Power & Market

How to Compare Prices and Progress over the Years

Gold investing

We often scoff at supposedly how cheap things cost in decades gone by. For example, my wife and I recently watched a stage play of Jean Shepherd’s A Christmas Story, set in 1940’s America. (The lead character, Ralphie, wanted a Daisy Red Ryder Air Rifle, but all the adults warned him “you’ll shoot your eye out”). In the stage play, Ralphie’s dad complains to the mother that he had to buy a new car battery at the outrageous price of $6 dollars. This low price got a big laugh, as was intended. A quick internet search found that a DieHard battery costs around $160 or about 27 times as much. But was that 1940’s car battery really so cheap?

One way to compare prices of similar commodities and services over long periods of time is to convert the nominal prices to ounces of gold. As Alasdair Macleod, of MacleodFinance.com, keeps reminding us, gold is real money. The price of gold established at the Bretton Woods Conference in 1944 for settlement of international central bank trade accounts was $35 per ounce. So that six dollar battery cost 0.17 of an ounce of gold ($6/$35).

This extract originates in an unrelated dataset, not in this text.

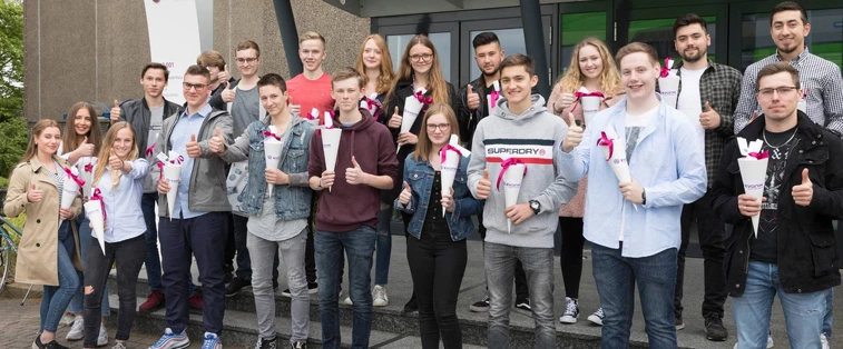 Die künftigen Berufsanfänger bei Evonik in Essen (Foto: Harald Reusmann)

Today, that $160 DieHard would cost 0.035 of an ounce of gold at today’s gold price of $4,518 per ounce ($160/$4,518). That means that in 1940’s America Ralphie’s dad paid almost five times as much for what surely was a lower quality battery (0.17/0.035). Had America stayed on the $35 per ounce gold standard, that undoubtedly inferior six dollar batter would cost only $1.23 today ($6/4.86), which is a true indication of economic progress.

From 1944 to the end of 2025, gold has gone up in dollar terms by 129 times ($4,518/$35). The price of that battery has gone up only 27 times ($160/$6). There is a disconnect between the rising price of gold in dollar terms and the rising price of that battery, with the battery price rising much less than the gold price in dollar terms. It is impossible to know how much of this disconnect is related to more efficient battery production or simply the Cantillon effect that new money enters the economy at certain points and filters its way through the economy causing higher nominal prices over time.

We should have no illusions that the dollar price of gold will stabilize near the current level. Since fiat money expansion shows no sign of slowing, we should assume that the price of gold will continue to rise, dragging all dollar prices of fungible goods with it. Government and central bank authorities are flirting with an Austrian School “crack up boom” in which the currency is debased to worthlessness.